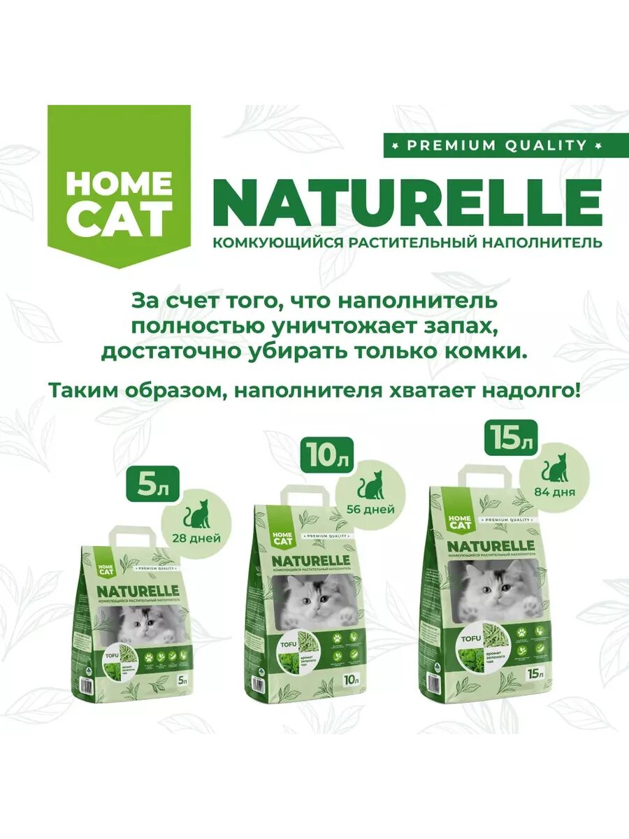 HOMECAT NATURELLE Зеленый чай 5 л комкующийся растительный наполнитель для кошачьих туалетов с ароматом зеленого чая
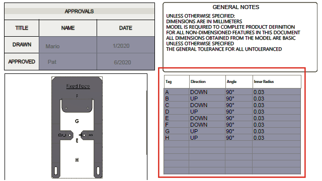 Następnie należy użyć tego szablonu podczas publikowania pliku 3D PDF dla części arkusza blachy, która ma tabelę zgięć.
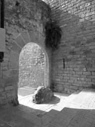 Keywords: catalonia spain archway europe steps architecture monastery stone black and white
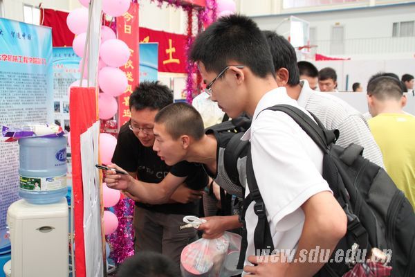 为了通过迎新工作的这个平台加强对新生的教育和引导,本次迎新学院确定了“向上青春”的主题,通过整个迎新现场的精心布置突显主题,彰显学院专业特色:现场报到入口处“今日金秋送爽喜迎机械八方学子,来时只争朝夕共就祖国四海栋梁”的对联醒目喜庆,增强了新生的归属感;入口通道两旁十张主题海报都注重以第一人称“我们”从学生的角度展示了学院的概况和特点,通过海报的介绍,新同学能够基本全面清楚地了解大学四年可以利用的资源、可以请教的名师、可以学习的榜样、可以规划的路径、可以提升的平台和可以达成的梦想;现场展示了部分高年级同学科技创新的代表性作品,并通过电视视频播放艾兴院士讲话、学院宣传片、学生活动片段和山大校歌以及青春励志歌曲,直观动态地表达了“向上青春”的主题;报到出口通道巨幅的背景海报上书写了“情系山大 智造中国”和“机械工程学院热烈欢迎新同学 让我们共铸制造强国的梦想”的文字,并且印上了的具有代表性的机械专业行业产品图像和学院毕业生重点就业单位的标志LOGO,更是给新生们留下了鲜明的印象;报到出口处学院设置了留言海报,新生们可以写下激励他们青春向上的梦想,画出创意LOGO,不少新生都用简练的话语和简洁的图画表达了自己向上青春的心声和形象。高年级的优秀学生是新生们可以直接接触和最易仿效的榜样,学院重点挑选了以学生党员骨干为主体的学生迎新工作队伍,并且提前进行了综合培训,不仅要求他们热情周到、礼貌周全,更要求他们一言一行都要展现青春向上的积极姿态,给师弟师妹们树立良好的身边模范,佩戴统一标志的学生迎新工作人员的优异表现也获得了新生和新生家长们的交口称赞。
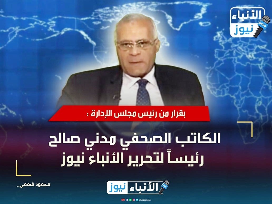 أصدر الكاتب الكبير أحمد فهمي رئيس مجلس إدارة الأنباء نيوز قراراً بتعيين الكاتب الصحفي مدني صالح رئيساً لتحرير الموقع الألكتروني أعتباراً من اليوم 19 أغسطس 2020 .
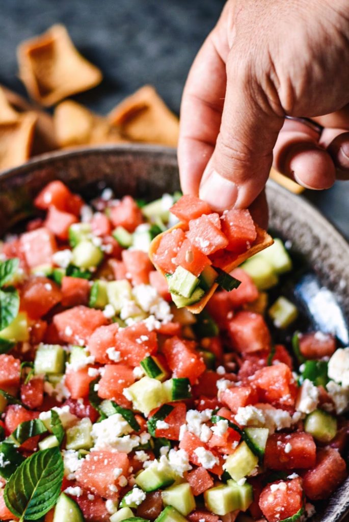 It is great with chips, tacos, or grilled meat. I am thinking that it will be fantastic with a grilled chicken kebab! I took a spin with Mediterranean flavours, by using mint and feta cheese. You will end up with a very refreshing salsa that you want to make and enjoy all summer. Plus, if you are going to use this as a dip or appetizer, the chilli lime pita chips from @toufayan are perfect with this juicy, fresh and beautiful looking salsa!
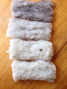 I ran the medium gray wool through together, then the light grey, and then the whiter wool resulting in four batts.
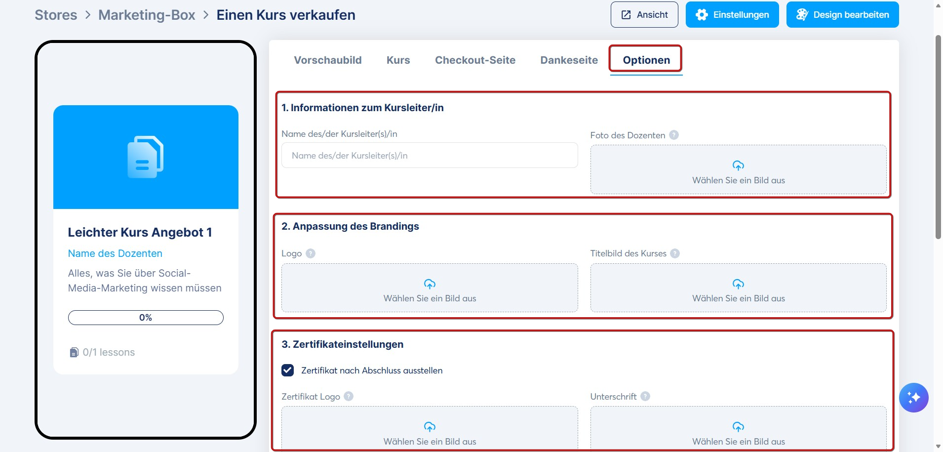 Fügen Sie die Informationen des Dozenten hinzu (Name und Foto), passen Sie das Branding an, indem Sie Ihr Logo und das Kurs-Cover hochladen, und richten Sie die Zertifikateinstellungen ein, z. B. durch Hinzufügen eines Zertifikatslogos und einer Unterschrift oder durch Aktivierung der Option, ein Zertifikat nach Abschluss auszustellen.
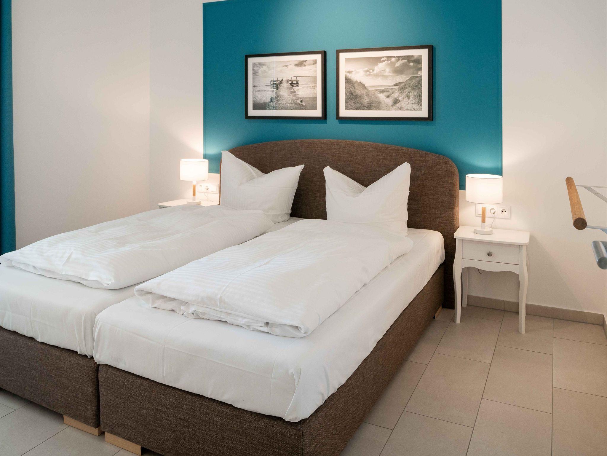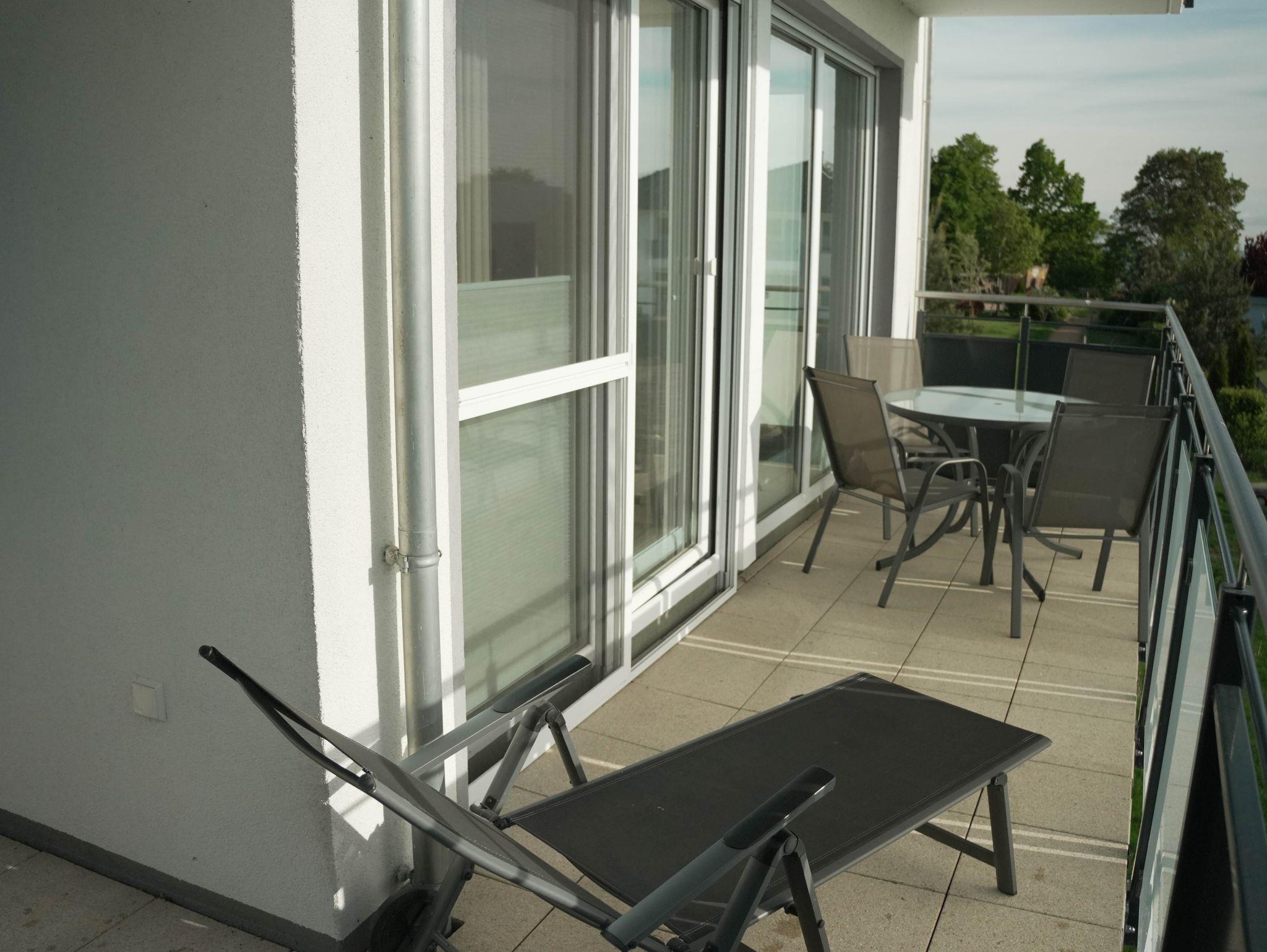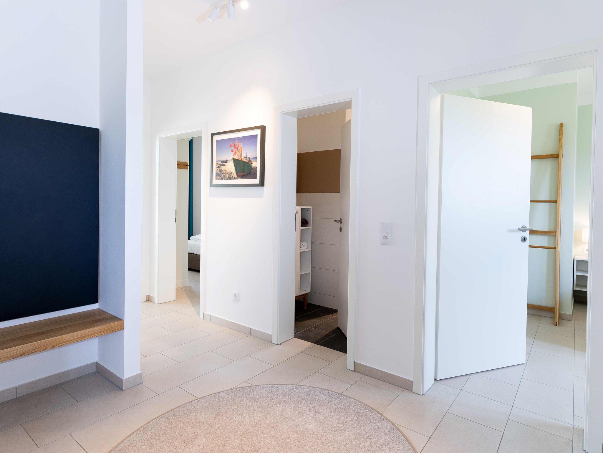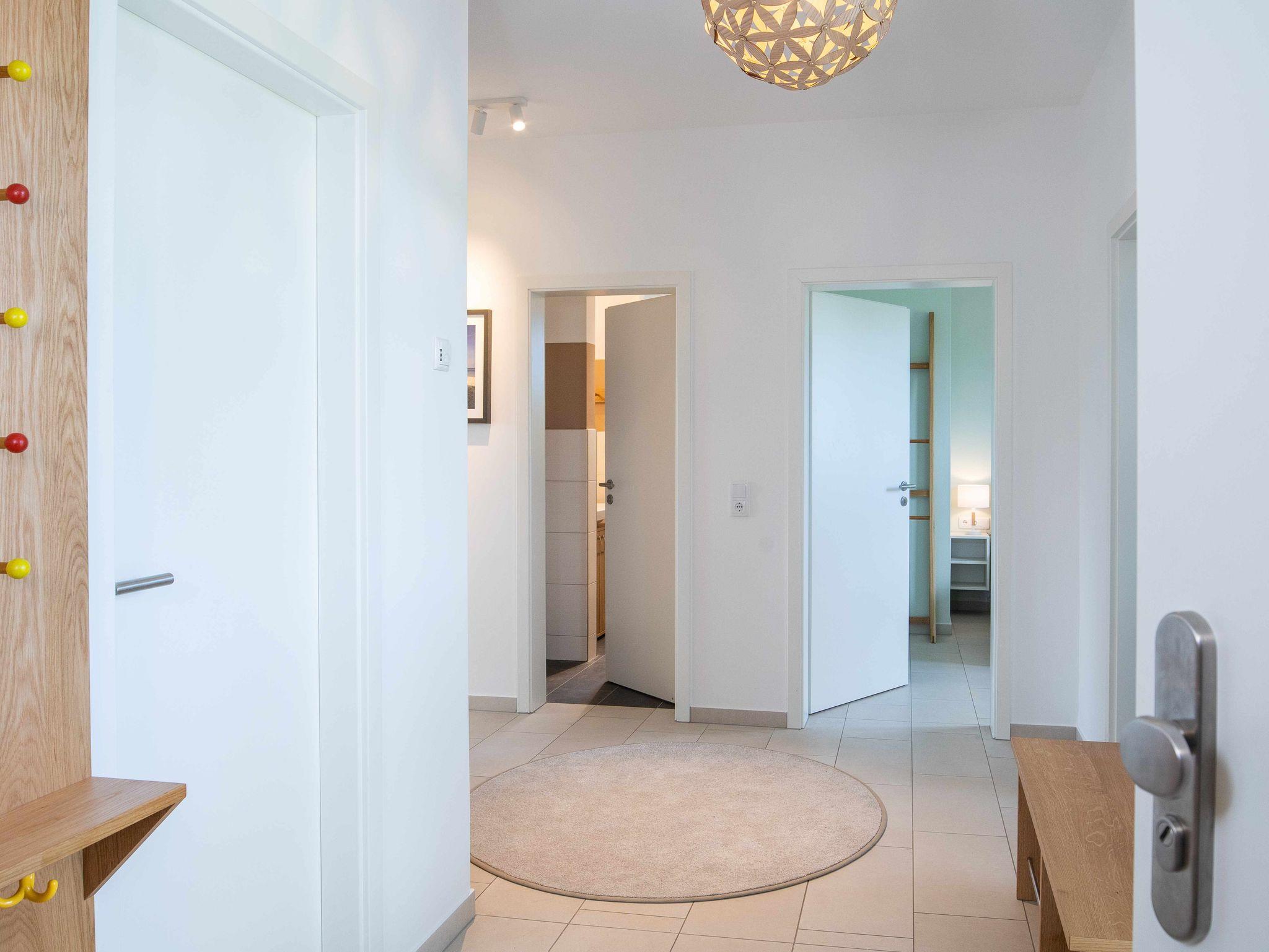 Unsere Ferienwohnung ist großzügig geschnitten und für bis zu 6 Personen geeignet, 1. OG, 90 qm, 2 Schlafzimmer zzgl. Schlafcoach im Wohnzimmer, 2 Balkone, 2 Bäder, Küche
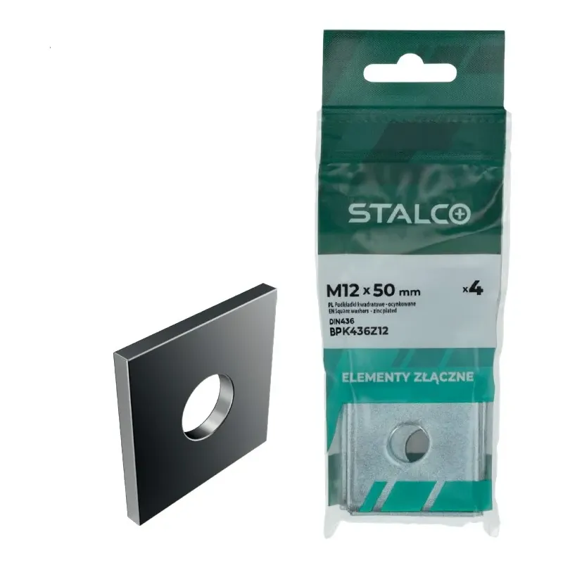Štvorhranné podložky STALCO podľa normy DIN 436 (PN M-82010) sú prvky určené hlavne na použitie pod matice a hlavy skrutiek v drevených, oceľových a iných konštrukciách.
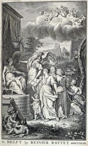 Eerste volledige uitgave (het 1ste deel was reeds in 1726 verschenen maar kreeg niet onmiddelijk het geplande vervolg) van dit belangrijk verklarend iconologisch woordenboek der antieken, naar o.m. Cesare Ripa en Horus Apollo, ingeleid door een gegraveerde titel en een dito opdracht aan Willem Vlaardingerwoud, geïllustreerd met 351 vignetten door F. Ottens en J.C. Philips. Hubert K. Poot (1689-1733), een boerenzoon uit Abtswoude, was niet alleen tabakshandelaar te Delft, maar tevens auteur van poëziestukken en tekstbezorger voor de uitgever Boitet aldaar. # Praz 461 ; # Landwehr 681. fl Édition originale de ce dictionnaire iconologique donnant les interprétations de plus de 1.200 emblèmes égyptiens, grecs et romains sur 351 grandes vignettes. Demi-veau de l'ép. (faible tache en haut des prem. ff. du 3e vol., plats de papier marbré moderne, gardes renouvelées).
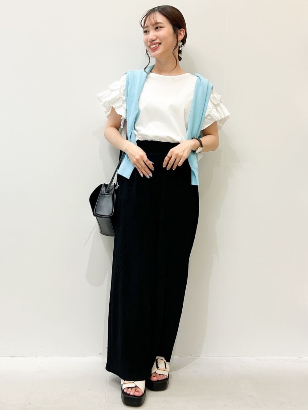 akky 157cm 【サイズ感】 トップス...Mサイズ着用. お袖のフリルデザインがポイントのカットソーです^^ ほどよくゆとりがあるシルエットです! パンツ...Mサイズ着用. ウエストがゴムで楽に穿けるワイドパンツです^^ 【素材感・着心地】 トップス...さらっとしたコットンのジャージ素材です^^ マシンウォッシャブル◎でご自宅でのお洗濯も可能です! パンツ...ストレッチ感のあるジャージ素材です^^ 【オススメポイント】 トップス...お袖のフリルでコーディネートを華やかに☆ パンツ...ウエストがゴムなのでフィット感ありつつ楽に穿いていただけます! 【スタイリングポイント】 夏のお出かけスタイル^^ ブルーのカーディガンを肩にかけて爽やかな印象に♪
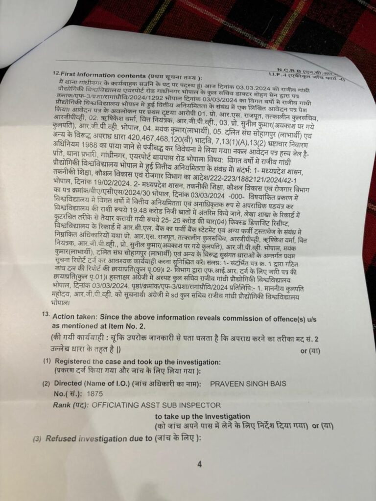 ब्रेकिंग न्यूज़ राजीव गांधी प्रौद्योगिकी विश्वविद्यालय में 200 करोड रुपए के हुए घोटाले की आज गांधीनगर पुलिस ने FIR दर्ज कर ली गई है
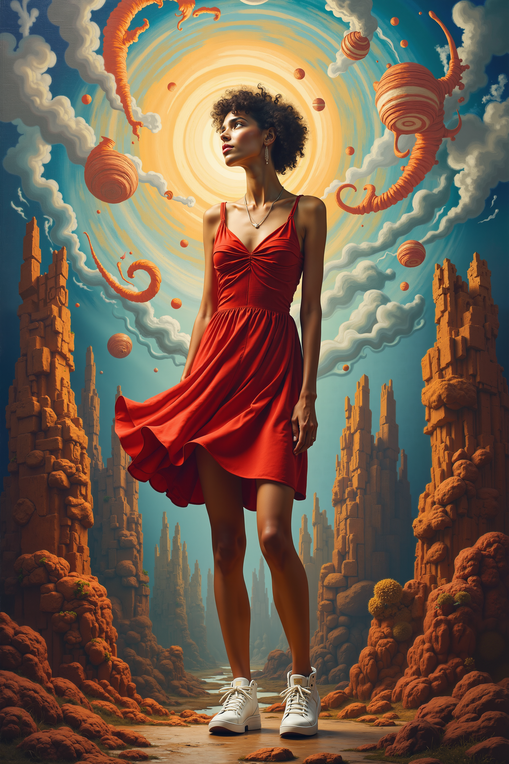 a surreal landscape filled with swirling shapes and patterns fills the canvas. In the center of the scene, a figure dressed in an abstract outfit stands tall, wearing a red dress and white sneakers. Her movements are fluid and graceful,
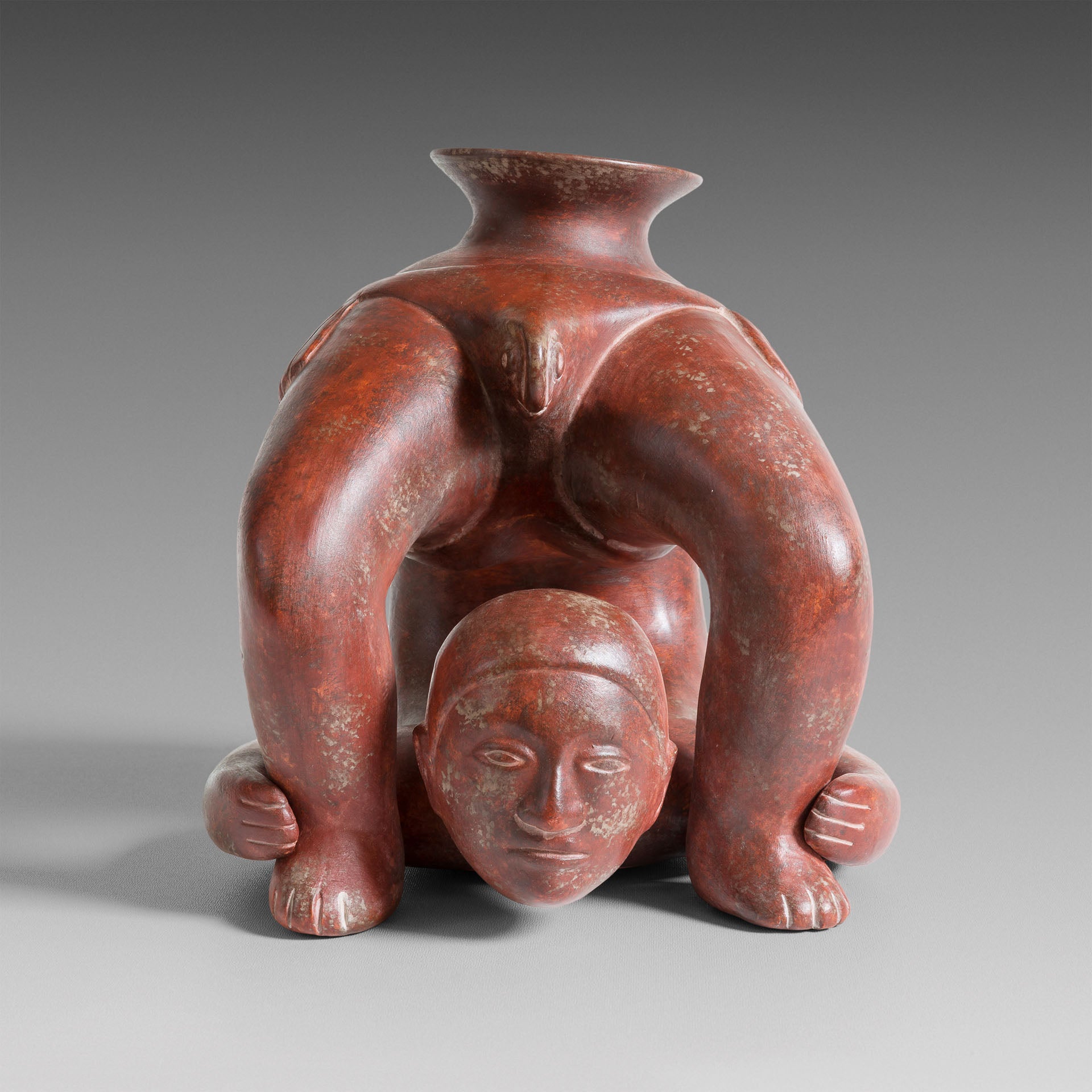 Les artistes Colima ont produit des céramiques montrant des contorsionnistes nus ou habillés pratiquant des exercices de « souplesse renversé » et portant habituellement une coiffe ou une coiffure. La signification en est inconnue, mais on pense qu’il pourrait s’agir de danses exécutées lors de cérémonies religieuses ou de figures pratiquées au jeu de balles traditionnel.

━━━━━━━━━━━━━━━━

## Work request:
The required answer is the lines from the one that contains "Eerste volledige uitgave" through the last line of the records, restated word for word, with every picture dropped.

## Response to this exercise:
 Eerste volledige uitgave (het 1ste deel was reeds in 1726 verschenen maar kreeg niet onmiddelijk het geplande vervolg) van dit belangrijk verklarend iconologisch woordenboek der antieken, naar o.m. Cesare Ripa en Horus Apollo, ingeleid door een gegraveerde titel en een dito opdracht aan Willem Vlaardingerwoud, geïllustreerd met 351 vignetten door F. Ottens en J.C. Philips. Hubert K. Poot (1689-1733), een boerenzoon uit Abtswoude, was niet alleen tabakshandelaar te Delft, maar tevens auteur van poëziestukken en tekstbezorger voor de uitgever Boitet aldaar. # Praz 461 ; # Landwehr 681. fl Édition originale de ce dictionnaire iconologique donnant les interprétations de plus de 1.200 emblèmes égyptiens, grecs et romains sur 351 grandes vignettes. Demi-veau de l'ép. (faible tache en haut des prem. ff. du 3e vol., plats de papier marbré moderne, gardes renouvelées).
 akky 157cm 【サイズ感】 トップス...Mサイズ着用. お袖のフリルデザインがポイントのカットソーです^^ ほどよくゆとりがあるシルエットです! パンツ...Mサイズ着用. ウエストがゴムで楽に穿けるワイドパンツです^^ 【素材感・着心地】 トップス...さらっとしたコットンのジャージ素材です^^ マシンウォッシャブル◎でご自宅でのお洗濯も可能です! パンツ...ストレッチ感のあるジャージ素材です^^ 【オススメポイント】 トップス...お袖のフリルでコーディネートを華やかに☆ パンツ...ウエストがゴムなのでフィット感ありつつ楽に穿いていただけます! 【スタイリングポイント】 夏のお出かけスタイル^^ ブルーのカーディガンを肩にかけて爽やかな印象に♪
 ब्रेकिंग न्यूज़ राजीव गांधी प्रौद्योगिकी विश्वविद्यालय में 200 करोड रुपए के हुए घोटाले की आज गांधीनगर पुलिस ने FIR दर्ज कर ली गई है
 a surreal landscape filled with swirling shapes and patterns fills the canvas. In the center of the scene, a figure dressed in an abstract outfit stands tall, wearing a red dress and white sneakers. Her movements are fluid and graceful,
 Les artistes Colima ont produit des céramiques montrant des contorsionnistes nus ou habillés pratiquant des exercices de « souplesse renversé » et portant habituellement une coiffe ou une coiffure. La signification en est inconnue, mais on pense qu’il pourrait s’agir de danses exécutées lors de cérémonies religieuses ou de figures pratiquées au jeu de balles traditionnel.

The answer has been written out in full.